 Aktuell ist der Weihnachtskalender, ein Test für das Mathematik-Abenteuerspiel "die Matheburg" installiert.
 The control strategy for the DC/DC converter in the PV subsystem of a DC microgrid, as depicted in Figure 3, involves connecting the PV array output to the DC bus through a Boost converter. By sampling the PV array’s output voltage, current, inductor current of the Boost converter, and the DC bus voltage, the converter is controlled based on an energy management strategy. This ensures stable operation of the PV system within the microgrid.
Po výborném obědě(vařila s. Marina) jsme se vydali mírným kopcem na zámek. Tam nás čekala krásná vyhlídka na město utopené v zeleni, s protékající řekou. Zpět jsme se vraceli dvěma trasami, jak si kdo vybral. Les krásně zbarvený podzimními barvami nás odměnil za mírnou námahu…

...

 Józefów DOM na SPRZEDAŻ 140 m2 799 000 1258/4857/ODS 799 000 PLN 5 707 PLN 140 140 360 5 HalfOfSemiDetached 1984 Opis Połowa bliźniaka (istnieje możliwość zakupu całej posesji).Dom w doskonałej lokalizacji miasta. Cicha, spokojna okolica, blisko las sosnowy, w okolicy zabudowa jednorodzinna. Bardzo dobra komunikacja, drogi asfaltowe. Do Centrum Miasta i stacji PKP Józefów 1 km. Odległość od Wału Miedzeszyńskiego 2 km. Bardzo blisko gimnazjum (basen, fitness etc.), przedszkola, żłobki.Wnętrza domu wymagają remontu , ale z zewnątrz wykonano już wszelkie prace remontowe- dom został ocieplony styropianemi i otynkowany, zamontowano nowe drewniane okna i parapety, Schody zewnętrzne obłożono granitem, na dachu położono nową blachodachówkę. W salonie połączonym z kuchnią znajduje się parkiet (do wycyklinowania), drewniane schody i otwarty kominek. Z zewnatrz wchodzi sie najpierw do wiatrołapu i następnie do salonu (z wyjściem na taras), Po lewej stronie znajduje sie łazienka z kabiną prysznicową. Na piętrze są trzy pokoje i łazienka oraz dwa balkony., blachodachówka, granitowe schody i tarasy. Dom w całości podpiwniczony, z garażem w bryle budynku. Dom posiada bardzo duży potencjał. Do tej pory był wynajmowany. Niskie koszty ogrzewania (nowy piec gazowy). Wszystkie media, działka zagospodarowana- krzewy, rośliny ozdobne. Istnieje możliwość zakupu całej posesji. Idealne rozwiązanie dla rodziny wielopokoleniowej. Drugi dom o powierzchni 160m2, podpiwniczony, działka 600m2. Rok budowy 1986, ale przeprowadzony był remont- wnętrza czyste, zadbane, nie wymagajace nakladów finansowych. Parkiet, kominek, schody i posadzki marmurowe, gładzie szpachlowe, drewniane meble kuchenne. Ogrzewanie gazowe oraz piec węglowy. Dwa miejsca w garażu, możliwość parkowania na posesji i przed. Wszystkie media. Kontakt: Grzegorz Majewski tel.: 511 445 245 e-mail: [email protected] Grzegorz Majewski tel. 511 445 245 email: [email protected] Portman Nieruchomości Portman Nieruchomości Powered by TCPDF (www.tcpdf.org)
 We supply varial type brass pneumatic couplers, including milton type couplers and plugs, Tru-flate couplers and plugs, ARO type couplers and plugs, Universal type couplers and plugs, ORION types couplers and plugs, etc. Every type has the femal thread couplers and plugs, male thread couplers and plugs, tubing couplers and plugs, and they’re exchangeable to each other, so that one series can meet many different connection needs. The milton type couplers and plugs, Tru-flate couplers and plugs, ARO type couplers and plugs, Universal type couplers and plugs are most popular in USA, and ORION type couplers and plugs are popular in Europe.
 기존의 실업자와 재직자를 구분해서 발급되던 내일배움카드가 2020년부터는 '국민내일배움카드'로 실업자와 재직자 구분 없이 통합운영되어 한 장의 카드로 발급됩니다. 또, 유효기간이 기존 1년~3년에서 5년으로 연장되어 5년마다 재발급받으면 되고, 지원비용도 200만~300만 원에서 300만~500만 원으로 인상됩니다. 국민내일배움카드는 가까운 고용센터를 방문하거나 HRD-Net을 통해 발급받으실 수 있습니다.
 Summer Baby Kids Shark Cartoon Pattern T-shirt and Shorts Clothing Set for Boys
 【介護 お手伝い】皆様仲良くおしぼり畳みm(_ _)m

--

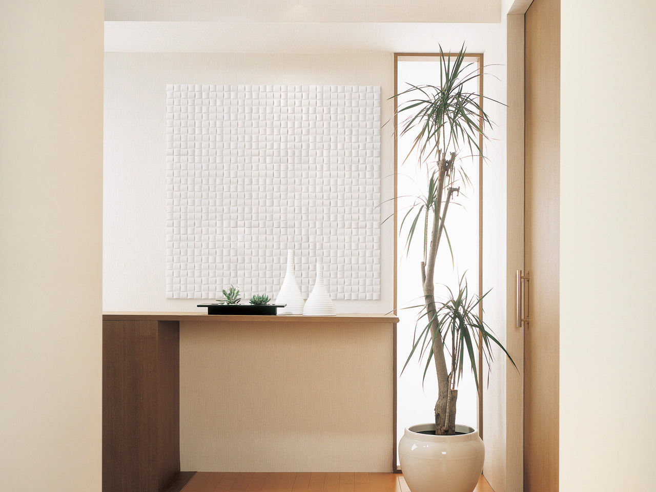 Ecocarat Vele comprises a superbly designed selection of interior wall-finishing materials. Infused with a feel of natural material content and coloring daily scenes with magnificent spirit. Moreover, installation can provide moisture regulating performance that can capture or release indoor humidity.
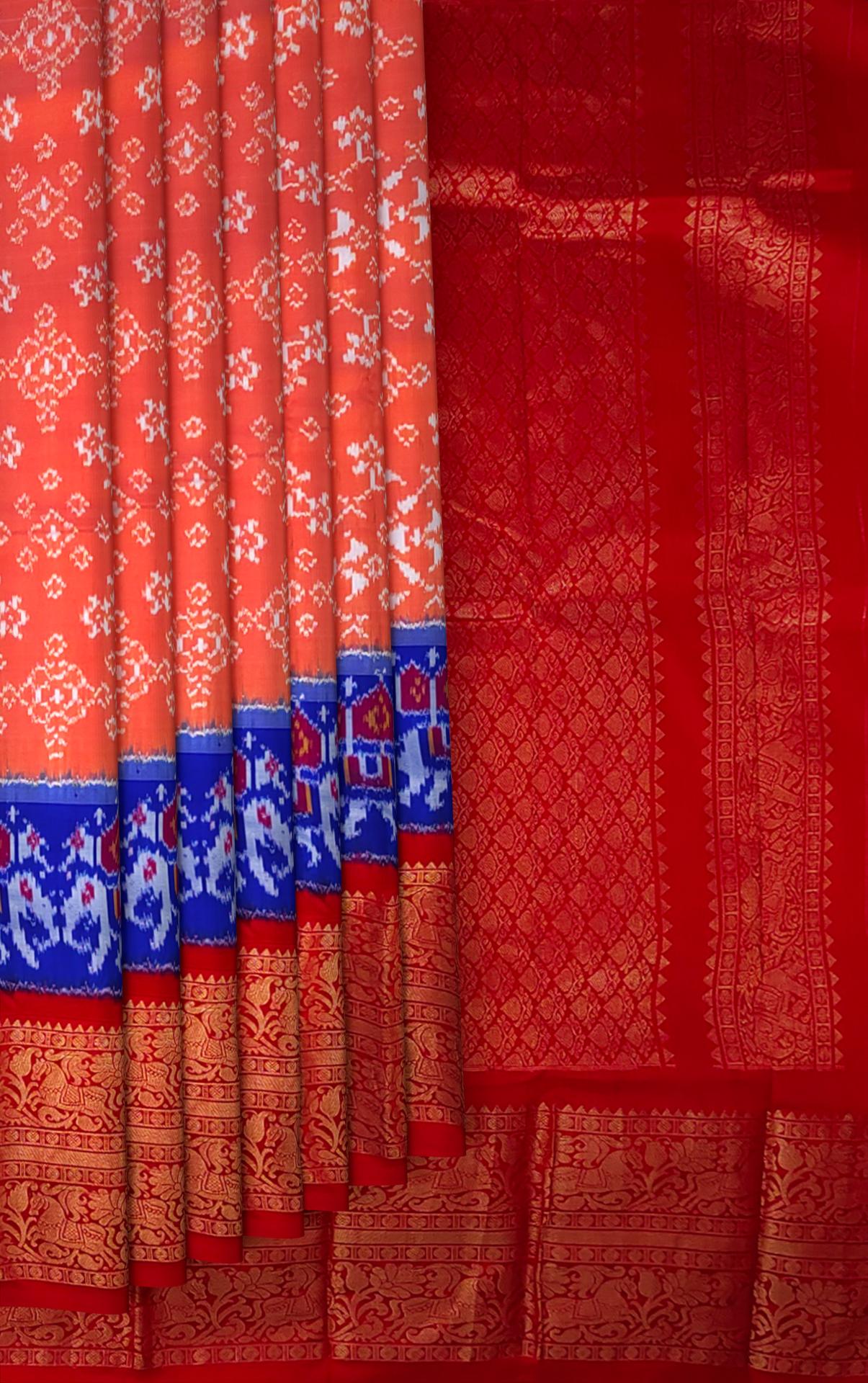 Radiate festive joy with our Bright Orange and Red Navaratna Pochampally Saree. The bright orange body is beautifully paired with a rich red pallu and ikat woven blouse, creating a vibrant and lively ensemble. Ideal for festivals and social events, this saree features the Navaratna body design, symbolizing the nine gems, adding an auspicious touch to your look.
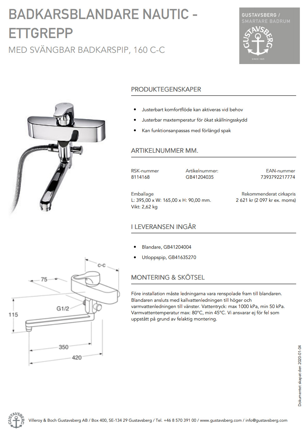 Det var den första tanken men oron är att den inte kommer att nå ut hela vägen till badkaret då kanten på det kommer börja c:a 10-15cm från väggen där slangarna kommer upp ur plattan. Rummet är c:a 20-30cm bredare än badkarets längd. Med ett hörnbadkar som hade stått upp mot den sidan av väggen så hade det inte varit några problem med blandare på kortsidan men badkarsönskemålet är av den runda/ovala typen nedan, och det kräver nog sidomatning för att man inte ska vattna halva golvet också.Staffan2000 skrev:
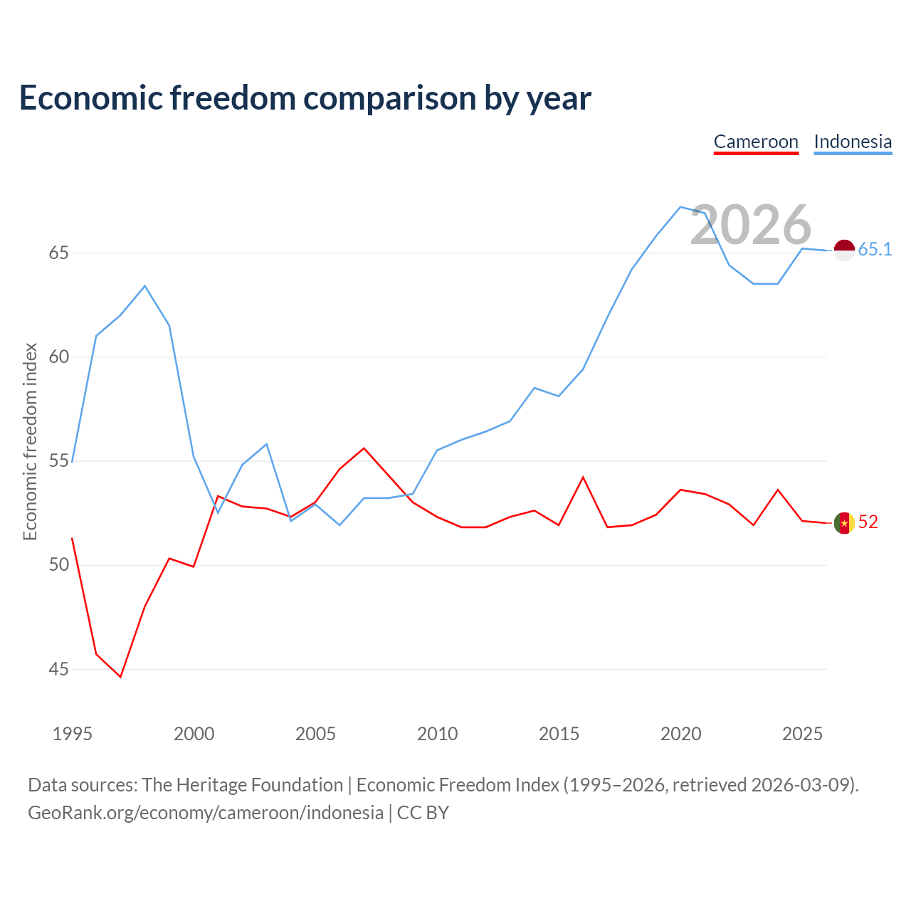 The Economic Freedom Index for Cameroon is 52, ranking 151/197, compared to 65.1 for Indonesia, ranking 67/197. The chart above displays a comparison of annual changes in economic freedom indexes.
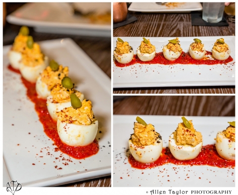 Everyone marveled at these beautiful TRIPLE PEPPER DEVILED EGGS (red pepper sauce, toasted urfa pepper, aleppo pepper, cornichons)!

## WORK INSTRUCTION
Wherever the line holding "The control strategy" falls in the entries above, copy exactly from it through the line holding "Po výborném obědě(vařila", inclusive, and add nothing.

## ANSWER BOX
 The control strategy for the DC/DC converter in the PV subsystem of a DC microgrid, as depicted in Figure 3, involves connecting the PV array output to the DC bus through a Boost converter. By sampling the PV array’s output voltage, current, inductor current of the Boost converter, and the DC bus voltage, the converter is controlled based on an energy management strategy. This ensures stable operation of the PV system within the microgrid.
Po výborném obědě(vařila s. Marina) jsme se vydali mírným kopcem na zámek. Tam nás čekala krásná vyhlídka na město utopené v zeleni, s protékající řekou. Zpět jsme se vraceli dvěma trasami, jak si kdo vybral. Les krásně zbarvený podzimními barvami nás odměnil za mírnou námahu…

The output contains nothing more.